Предложенное Б.Д.Парыгиным [99] параметрическое описание общения, включающее психологический контакт, обмен информацией, взаимодействие и взаимовлияние, наиболее адекватно для уровневого рассмотрения. Как отмечает Б.Д.Парыгин, общение может «варьировать от высоких уровней взаимопроникновения и взаимопонимания партнеров до самых свернутых и фрагментарных контактов». Действительно, любые акты общения предполагают установление контакта, т.е. такую взаимообусловленную психическую активность двух иди более людей (ау токоммуникация или внутренний диалог требует отдельного рассмотрения), в процессе которой атенционные, мнемические, перцептивные и т.д. процессы находятся в совокупно регулируемом состоянии, обеспечивающем возможность установления тем или иным способом обратной связи между общающимися [5].

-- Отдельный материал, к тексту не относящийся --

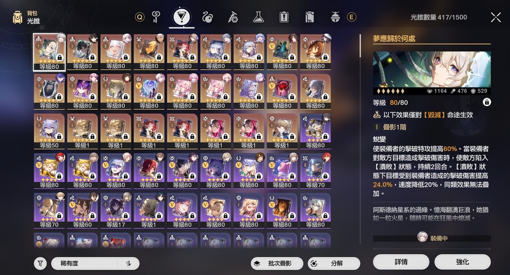 角色面板部分大畢業 其餘小畢業

Контакт - минимально необходимое условие общения, позволяющее реализовать общение на самом поверхностном его уровне. Контакт может обеспечиваться как в знаковой (речевой) форме, так и с использованием тех или иных незнаковых (невербальных) средств. Ни в том, ни в другом случае нет передачи какой-либо содержательной информации, а всего лишь некий аналог сигнализации в формах характерных для человека выразительных средств. Во всех случаях неотъемлемым атрибутом контакта является психологический момент (интенция, мотив, установка, направленность и т.д.). В противном случае невозможен следующий уровень общения -коммуникация, в процессе которой осуществляется передача и, соответственно, прием определенной информации. На этом уровне общение вполне соотносимо с деятельностью. «Сильный» эмоциональный момент выводит коммуникацию на третий уровень общения, связанный с необходимостью определения смысла вступления в контакт и коммуникации. Этот смысл, в свою очередь, может в той или иной степени раскрывать те или иные смысловые ориентации общающихся [5].
Анализ коммуникативных установок врачей различных медицинских специализаций
Исходя из вышеперечисленных проблем, можно говорить о значимости для конструктивного коммуникативного взаимодействия в диаде «врач-больной» такого психологического параметра как коммуникативные установки во взаимодействии врача и больного.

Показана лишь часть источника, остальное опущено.